Thereafter, Theriot filed a habeas corpus petition pursuant to 28 U.S.C. § 2254, which he later amended. He argued that the state trial court violated his constitutional rights when it (1) prohibited him from questioning witnesses about his demeanor after the shooting (allegedly violating his right to present a defense and his right to confrontation), and (2) prohibited him from admitting jailhouse telephone call recording excerpts into evidence (allegedly violating his right to present a defense). The state opposed the habeas petition.
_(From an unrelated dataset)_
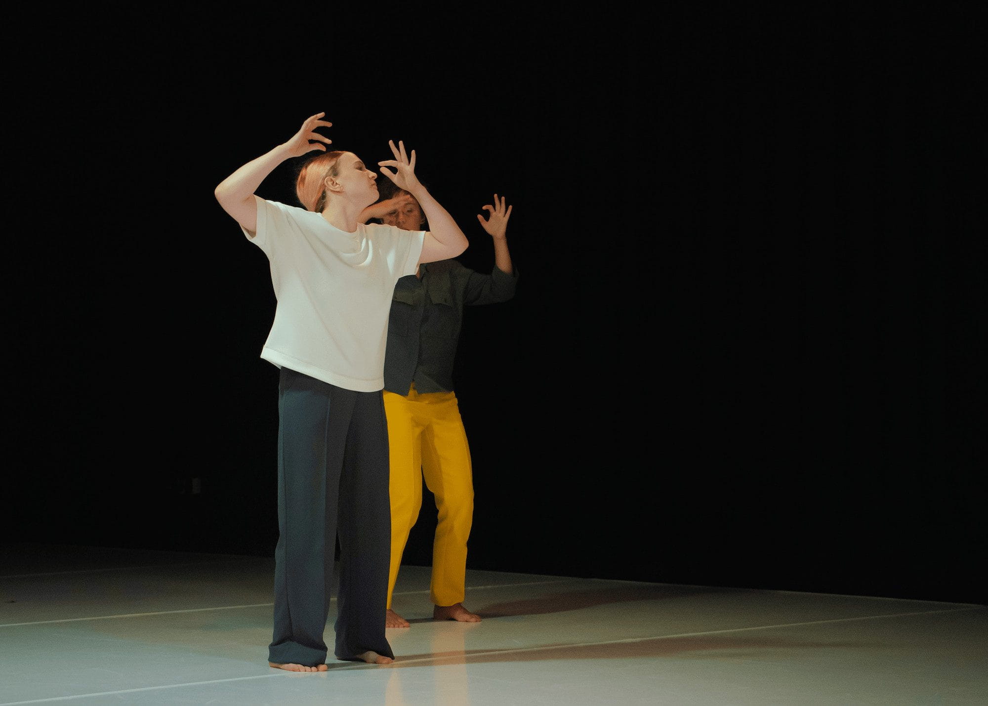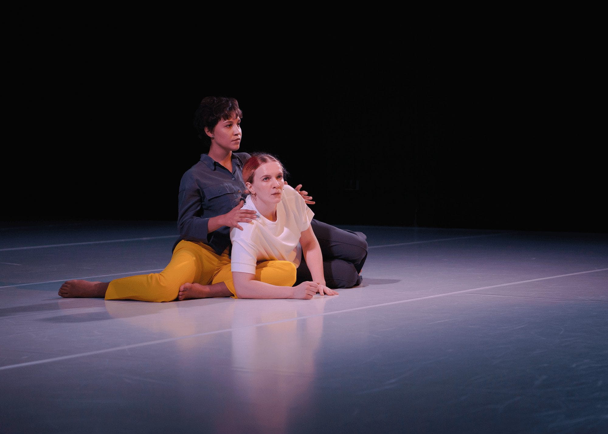 Work in Progress captures the story of two women, whose lives revolve around only one thing: their work. In a semi-fictional universe, we observe how the lack of motivation and purpose they feel influences their inner lives and compels them to find ways to withstand the constant pressure. From denial to outrage, from routine to non-conformity, the performers strive to put up a fight, in a world that seems to efficiently metabolise their revolt. Sensitive, funny, ironic, serious, the performance is a moving dialogue about the place work occupies in our society.

The district court denied Theriot’s amended habeas petition1 but granted a certificate of appealability regarding his claims that the state trial court violated his federal constitutional rights when it (1) prohibited him from questioning witnesses about his demeanor after the shooting and (2) excluded jailhouse telephone call recording excerpts. Theriot v. MacLaren, No. CV 15-13679, 2019 WL 7020689, at *13–14 (E.D. Mich. Dec. 20, 2019). Petitioner timely appealed the district court’s judgment.

II.

When “considering a district court’s denial of a petition for a writ of habeas corpus under 28 U.S.C. § 2254,” such as the case at bar, “we review all legal conclusions de novo.” Crump v. Lafler, 657 F.3d 393, 396 (6th Cir. 2011).
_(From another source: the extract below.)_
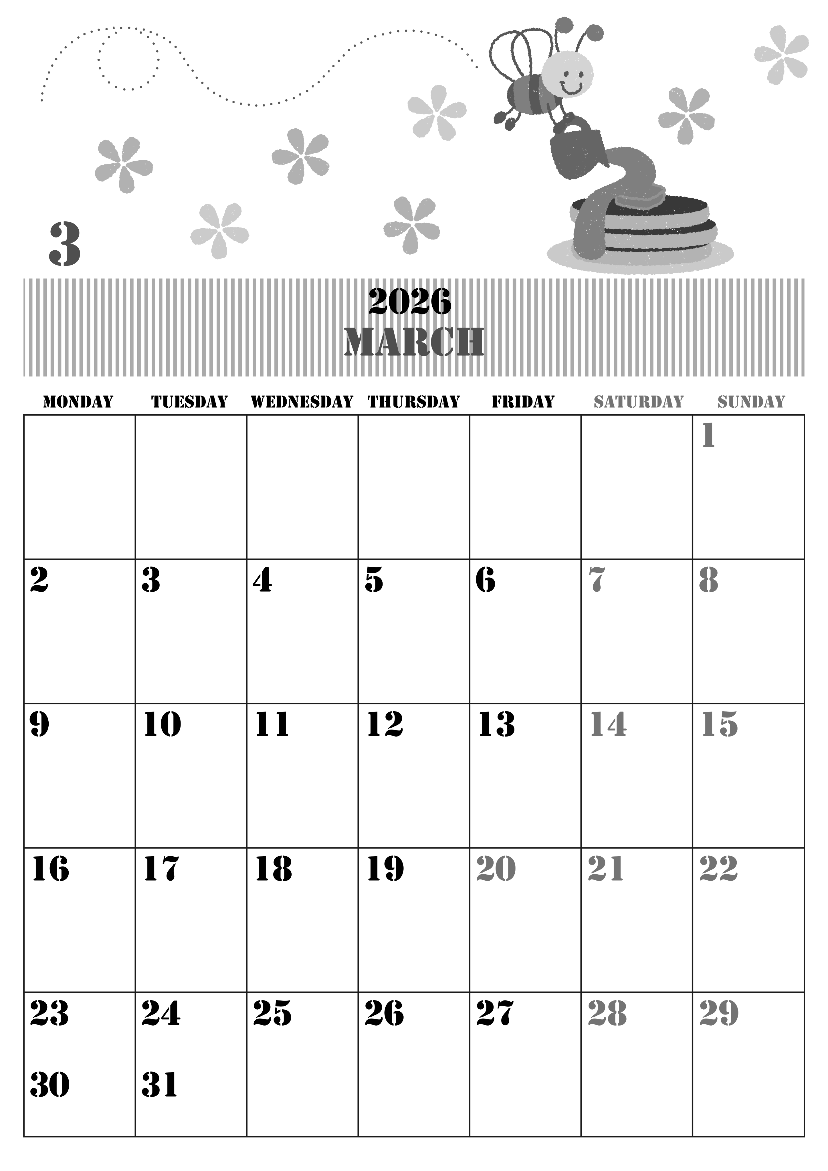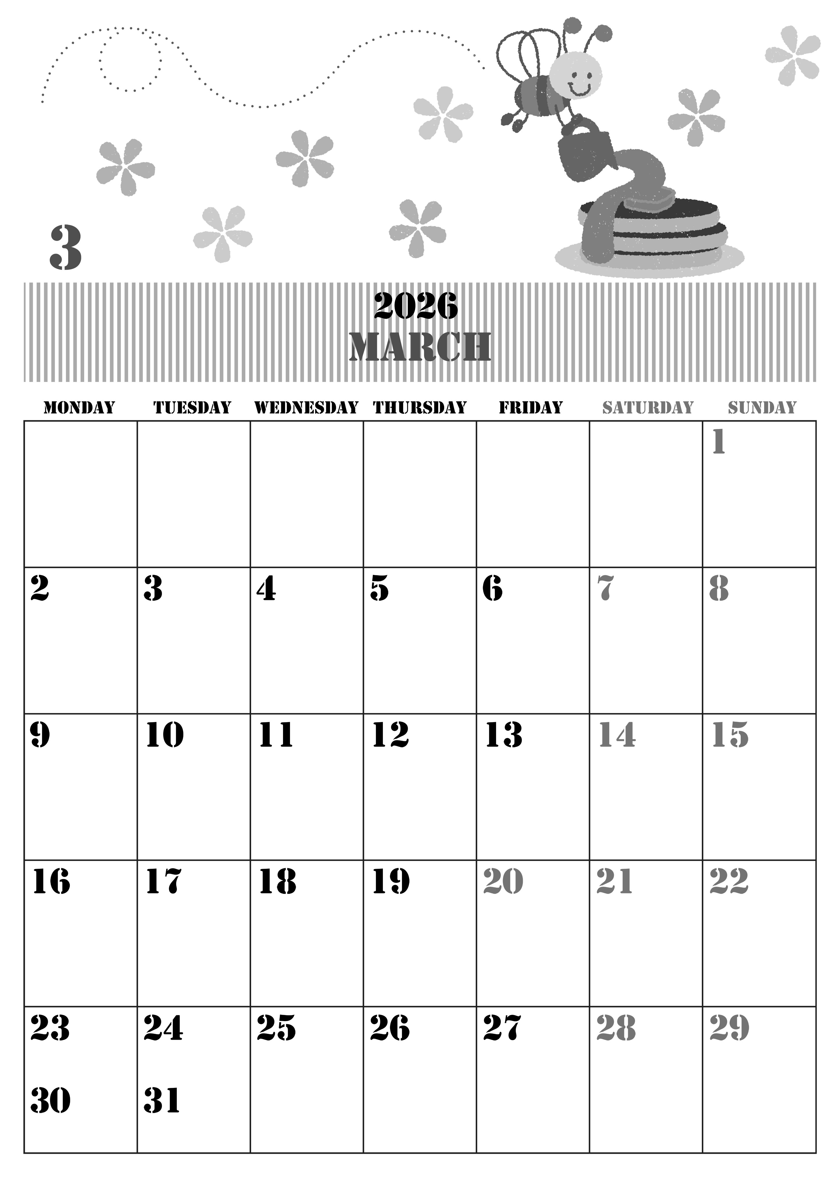 2026年3月縦型モノクロの月曜始まりの無料テンプレート白黒カレンダーです。たっぷりのメープルシロップをミツバチが一生懸命かけているかわいいフリー素材のイラストです。月曜始まり白黒カレンダーなので予定管理に最適です。(2026-00290311)

1There are actually two amended habeas petitions. Petitioner’s appointed attorney filed the first one, and petitioner himself filed the second one about a month later. The district court acknowledged the existence of the two amended petitions, but it did not determine which one was the operative petition. MacLaren, 2019 WL 7020689, at *3 n.2. Instead, the district court denied both petitions. Id. at *14. The parties did not brief the question of which amended petition controls. The differences between the two amended petitions, however, do not affect our resolution of this appeal. No. 20-1029 Theriot v. Vashaw Page 4

III.

A.

“[A] federal court may not review federal claims that were procedurally defaulted in state courts.” Maslonka v. Hoffner, 900 F.3d 269, 276 (6th Cir. 2018) (alteration in original) (quoting Davila v. Davis, 137 S. Ct. 2058, 2064 (2017)), cert. denied sub nom. Maslonka v. Nagy, 139 S. Ct. 2664 (2019). When we conduct the procedural default analysis, we examine the last reasoned state-court decision. Lovins v. Parker, 712 F.3d 283, 295 (6th Cir. 2013). A habeas petitioner procedurally defaults a claim when “(1) [he] fails to comply with a state procedural rule; (2) the state courts enforce the rule; [and] (3) the state procedural rule is an adequate and independent state ground for denying review of a federal constitutional claim.” Wheeler v. Simpson, 852 F.3d 509, 514 (6th Cir. 2017) (quoting Guilmette v. Howes, 624 F.3d 286, 290 (6th Cir. 2010) (en banc)). We have the option, however, to excuse a procedural default and review a defaulted claim on the merits if a petitioner demonstrates “(1) cause for the default and actual prejudice, or (2) that the failure to consider the claim will result in a fundamental miscarriage of justice.” Williams v. Bagley, 380 F.3d 932, 966 (6th Cir. 2004).

B.

Petitioner procedurally defaulted his right-to-present-a-defense claims.